私も同じ関西出身、このような地で同郷の者に出会えるとは!
関西弁で話しかけたら返事をしてくれるかもしれん。
もうかりまっかー?
「・・・・・・」
どうやらシャイなヤツらしい。
お値段を聞くと45ドルとの事。
他のも一応見てみたが、どれも40~60ドルの間だった。
よーし、こいつに決めた!

ふむ、なかなか良さげに見えるじゃないか。
名前をつけてやろう。
今日からお前はジャヤヴァルマン号だ!!
ジャヤヴァルマンは、アンコール朝を開いたカンボジアの昔の王様の名前だ。
正確には違うが、アンコール・ワットを作った人だと思っておけば大体合っている。

ちなみに、ここで売っている自転車は全て中古品だった。
ほとんどが、日本から運ばれてきた物のようである。
恐らくだが、駅の処分される放置自転車をこちらに持ってきてリサイクルしているのだろう。

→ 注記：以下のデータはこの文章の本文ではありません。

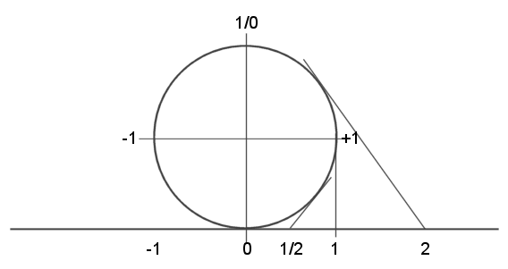 (Keine komplexe Zahlenebene.) Der untere Pol ist 0, der obere Pol 1/0.

早速ジャヤヴァルマン号に跨り、ホテルに帰還する事にする。
そしてペダルを踏んだ瞬間、私は気付いたのだ。

こいつ、ものすごくポンコツだ。

ペダルを踏むたびにグキグキ音がする。
チェーンからジャリジャリ音。
ブレーキがちょー効かない。
ちょー怖い。
そしてママチャリなので重い。
たぶん20kgくらいある。

うおお、なんじゃこりゃあああ。
初めてクロスに乗った時と逆の感動を味わう事になるとは。
この半年で自転車というのは軽快なものだという考えが染み付いていたが、これこそが古びたママチャリの感触なのだ。
それでも歩くよりはずっと速いし楽だ。
・・・しかし、まさかアワイチやビワイチに挑戦する前に海外遠征を実行する事になろうとはね。
海外なんて、日本に走る場所の無くなった熟練自転車ツーリストのフロンティアだと思っていた。
と言ってもこのポンコツと私の脚では出来るのは精々ポタリング程度。
ヒマな時間、こいつでプノンペンをブラブラしてみるとしよう。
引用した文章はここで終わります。